Thank you.....and yes, I know they would go to bat for me and have done so in the last 11+ years I've been in their lives! Same goes for their three boy cousins that I was also a nanny for - they all love me unconditionally and it's an amazing feeling. :smitten:


----------



## b01 (Aug 23, 2007)

supersoup said:


> little ones are simply products of their environments, or curious. any child 8 and under is just saying what they've heard, or is truly curious as to why you look so different! don't treat them with negativity, it just adds to the negative light that your fat body has been painted in by their parents. little kids don't have that filter that tells them what is and is not appropriate, so take the opportunity to mold their little minds. 'wow, you're huge!!' 'i sure am, and you're tiny! my name's amanda and i may be fat, but i like to have fun and make friends just like you do. what's your name?' bam. don't turn it into this big evil thing that they shouldn't ever talk about...you are what you are, just like they're curious little kids. they are humans, treat them as such. i have three godbabies that are going to be very positive when it comes to different body types, and i'm going to play a big part in that. no matter what you think, the way you handle each situation adds to how they'll turn out!



You're just great. I believe that is the BEST way to deal with situations like this, to bring about the best results. 

By all means no one should be ashamed of being fat, huge, chubby, or whatever. So show them you're not. 
You can respond with a nasty remark, but you'll just make yourself look insecure and weak. By being positive you'll present that kid with an opportunity to learn something. It's up to the child and/or his parents if they do or not, but you can't worry about that. You at least come out as a winner and the bigger person (no pun intended).

P.S. To Eva, your Husband and Sis probably think your very confident and comfortable with your size, so they wouldn't need to defend you against a bunch of kids.

As a husband myself, I would have said something for good measure.


----------



## Kareda (Aug 24, 2007)

Great advice everyone! Luckily I have not come across the questions but with my oldest being in 1st grade this year, I would not be surprised if they came. Now I have some ideas on how to go about it- thanks!

I will share this good story though. My daughter, 6 is TINY. Small frame, thin and short, always between 3rd & 10th percentile. Anywho- One Day we were talking about when she grows up and she had asked if she was going to be like me. 

Me: "No, honey, I doubt it. You are very petite so you will probably always be small. Sissy is 3 years younger and already your size. But your Beautiful and always will be, regardless. 

Tay:"No I want to be like you!" and starts crying!

Me: "You want all this fat?" rubbing my belly

Tay: Yeah, I want to be just like you, your so beautiful, Mommy"

awwwwwwwwwwwwww! :wubu:


----------



## lemmink (Aug 24, 2007)

I think a lot of kids who pull this kind of thing know exactly what they're doing.

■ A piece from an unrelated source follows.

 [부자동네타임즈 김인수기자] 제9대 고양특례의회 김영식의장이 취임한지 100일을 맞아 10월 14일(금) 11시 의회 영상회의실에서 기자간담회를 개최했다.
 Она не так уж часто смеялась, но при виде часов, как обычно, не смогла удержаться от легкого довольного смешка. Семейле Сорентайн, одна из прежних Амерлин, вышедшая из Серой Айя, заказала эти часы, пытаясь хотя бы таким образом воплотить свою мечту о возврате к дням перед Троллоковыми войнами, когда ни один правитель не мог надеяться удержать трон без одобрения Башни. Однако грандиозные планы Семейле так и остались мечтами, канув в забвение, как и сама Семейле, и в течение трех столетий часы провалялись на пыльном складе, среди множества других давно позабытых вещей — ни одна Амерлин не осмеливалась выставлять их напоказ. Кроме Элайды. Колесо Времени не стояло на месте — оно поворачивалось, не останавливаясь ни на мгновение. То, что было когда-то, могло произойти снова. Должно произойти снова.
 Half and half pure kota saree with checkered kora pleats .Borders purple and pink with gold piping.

Exactly. I don't believe any kid over the age of 5 doesn't know this stuff isn't polite. I generally look to their parents to discipline them for any smart-ass shit.


----------



## Emma (Aug 24, 2007)

As an adult I don't think I've had too many children comment with any malice. Mostly just curiousity. My friends little girl said to me once "You're so big, I bet you could kick down the wall if you wanted to!" which was cute. But then I also had another kid say "my dad says you're fat because you ate KFC and Mcdonalds at the same time" which I thought was a bit shitty on the dads behalf. 

I don't like being stared at by children though, it makes me feel uncomfortable. I still remember being sat on my doorstep waiting for my friend to pick me up and there was some two ladies and a few kids in the garden next door. This kid kept looking at me and it was annoying me, then I saw her whisper to her mum. Then her mum turned to me and said "She wants to say that you're very pretty." and as she did that the kid went off and hid! lol


----------



## T_Devil (Aug 24, 2007)

CurvyEm said:


> But then I also had another kid say "my dad says you're fat because you ate KFC and Mcdonalds at the same time" which I thought was a bit shitty on the dads behalf.

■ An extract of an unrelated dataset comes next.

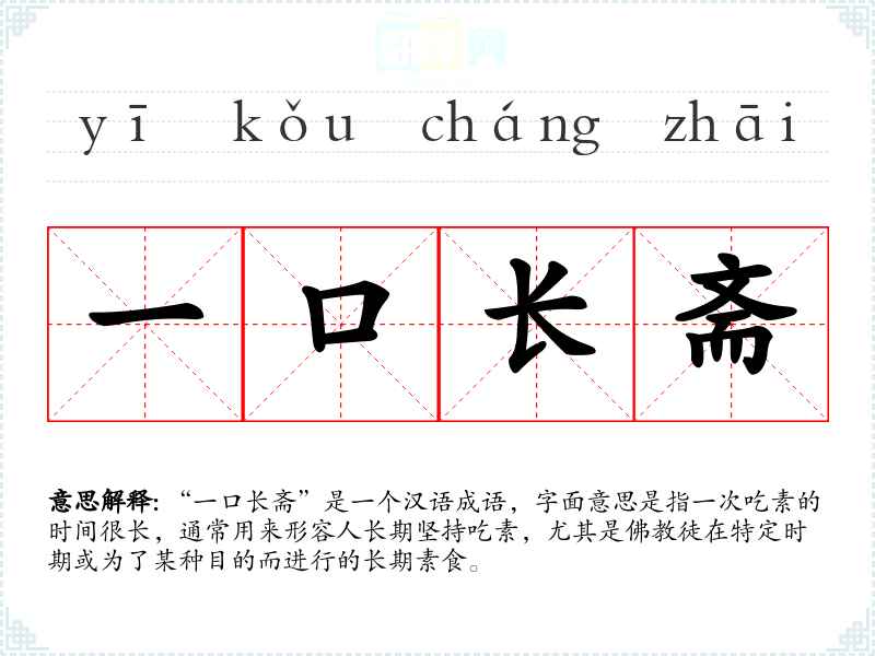 “一口长斋”是一个汉语成语,字面意思是指一次吃素的时间很长,通常用来形容人长期坚持吃素,尤其是**徒在特定时期或为了某种目的而进行的长期素食。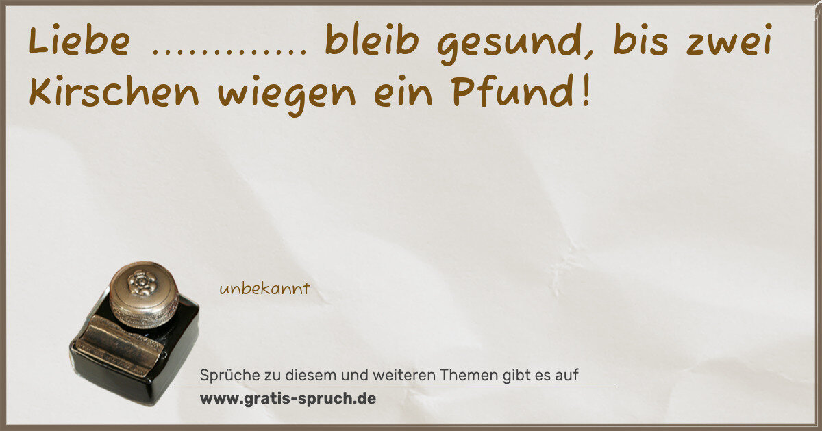 Liebe ............. bleib gesund, bis zwei Kirschen wiegen ein Pfund!

_"Yeah, well your Dad is a moron."_ 
Is it acceptable to say that to a kid? I mean, should someone tell a kid that their parent is a moron because of something dumb they said to them? How is a child going to learn any differently if all they are surrounded with is stupidity?
:huh:


----------



## TraciJo67 (Aug 24, 2007)

T_Devil said:


> _"Yeah, well your Dad is a moron."_
> Is it acceptable to say that to a kid? I mean, should someone tell a kid that their parent is a moron because of something dumb they said to them? How is a child going to learn any differently if all they are surrounded with is stupidity?
> :huh:



I think I would respond with "That's not a very nice thing for your dad to say" and just leave it at that. Eventually, the kid is going to grow up & realize that his/her dad is a moron. Why shatter the illusion so early?


----------



## EvaMalone (Aug 24, 2007)

Thanks for all the great comments guys, I think i'll know what to say next time. I'm not ashamed of being fat but it's uncomfortable around other people because they think i'm uncomfortable and its just a very embarassing situation. I talked to my husband about it and apparently he did say something to him. I don't think Thagd, thats his name, said it in malice I think he was just saying it as a matter of fact. he is only 4 and we do get on quite well, he does like me, I just had no idea how to approach that kind of behaviour. 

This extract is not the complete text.